The N-terminal domain of Type IV-A1 CRISPR-associated DinG is vulnerable to proteolysis.

CasDinG is an ATP-dependent 5'-3' DNA helicase essential for bacterial Type IV-A1 CRISPR associated immunity. CasDinG contains an essential N-terminal domain predicted to bind DNA. To better understand the role of the N-terminal domain, we attempted to co-crystallize CasDinG with DNA substrates. We successfully crystallized CasDinG in a tightly packed, crystal conformation with previously unobserved unit cell dimensions. However, the structure lacked electron density for a bound DNA substrate and the CasDinG N-terminal domain. Additionally, the tight crystal packing disallowed space for the N-terminal domain, indicating that the N-terminal domain was proteolyzed before crystallization. Follow up experiments revealed that the N-terminal domain of CasDinG is proteolyzed after a few days at room temperature, but is protected from proteolysis at 4°C. These data provide a distinct x-ray crystal structure of CasDinG and indicate the essential N-terminal domain of CasDinG is prone to proteolysis.

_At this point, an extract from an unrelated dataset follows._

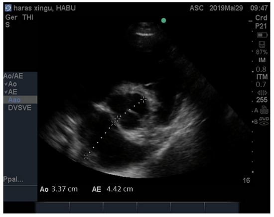 The diameter of the left atrium (LA) and the aorta on the same plane was measured, and subsequently, the left atrium/aorta ratio was calculated (LA/Ao) (Figure 2). Pulmonary flow velocity (pulmonary velocity) and pressure gradient between the right ventricle and pulmonary artery at the level of the pulmonary plane was also measured.

Cas12a2 elicits abortive infection through RNA-triggered destruction of dsDNA.

Bacterial abortive-infection systems limit the spread of foreign invaders by shutting down or killing infected cells before the invaders can replicate1,2. Several RNA-targeting CRISPR-Cas systems (that is, types III and VI) cause abortive-infection phenotypes by activating indiscriminate nucleases3-5. However, a CRISPR-mediated abortive mechanism that leverages indiscriminate DNase activity of an RNA-guided single-effector nuclease has yet to be observed. Here we report that RNA targeting by the type V single-effector nuclease Cas12a2 drives abortive infection through non-specific cleavage of double-stranded DNA (dsDNA). After recognizing an RNA target with an activating protospacer-flanking sequence, Cas12a2 efficiently degrades single-stranded RNA (ssRNA), single-stranded DNA (ssDNA) and dsDNA. Within cells, the activation of Cas12a2 induces an SOS DNA-damage response and impairs growth, preventing the dissemination of the invader. Finally, we harnessed the collateral activity of Cas12a2 for direct RNA detection, demonstrating that Cas12a2 can be repurposed as an RNA-guided RNA-targeting tool. These findings expand the known defensive abilities of CRISPR-Cas systems and create additional opportunities for CRISPR technologies.

RNA targeting unleashes indiscriminate nuclease activity of CRISPR-Cas12a2.

Cas12a2 is a CRISPR-associated nuclease that performs RNA-guided, sequence-nonspecific degradation of single-stranded RNA, single-stranded DNA and double-stranded DNA following recognition of a complementary RNA target, culminating in abortive infection1. Here we report structures of Cas12a2 in binary, ternary and quaternary complexes to reveal a complete activation pathway. Our structures reveal that Cas12a2 is autoinhibited until binding a cognate RNA target, which exposes the RuvC active site within a large, positively charged cleft. Double-stranded DNA substrates are captured through duplex distortion and local melting, stabilized by pairs of 'aromatic clamp' residues that are crucial for double-stranded DNA degradation and in vivo immune system function. Our work provides a structural basis for this mechanism of abortive infection to achieve population-level immunity, which can be leveraged to create rational mutants that degrade a spectrum of collateral substrates.

Positioning Diverse Type IV Structures and Functions Within Class 1 CRISPR-Cas Systems.

Type IV CRISPR systems encode CRISPR associated (Cas)-like proteins that combine with small RNAs to form multi-subunit ribonucleoprotein complexes. However, the lack of Cas nucleases, integrases, and other genetic features commonly observed in most CRISPR systems has made it difficult to predict type IV mechanisms of action and biological function. Here we summarize recent bioinformatic and experimental advancements that collectively provide the first glimpses into the function of specific type IV subtypes. We also provide a bioinformatic and structural analysis of type IV-specific proteins within the context of multi-subunit (class 1) CRISPR systems, informing future studies aimed at elucidating the function of these cryptic systems.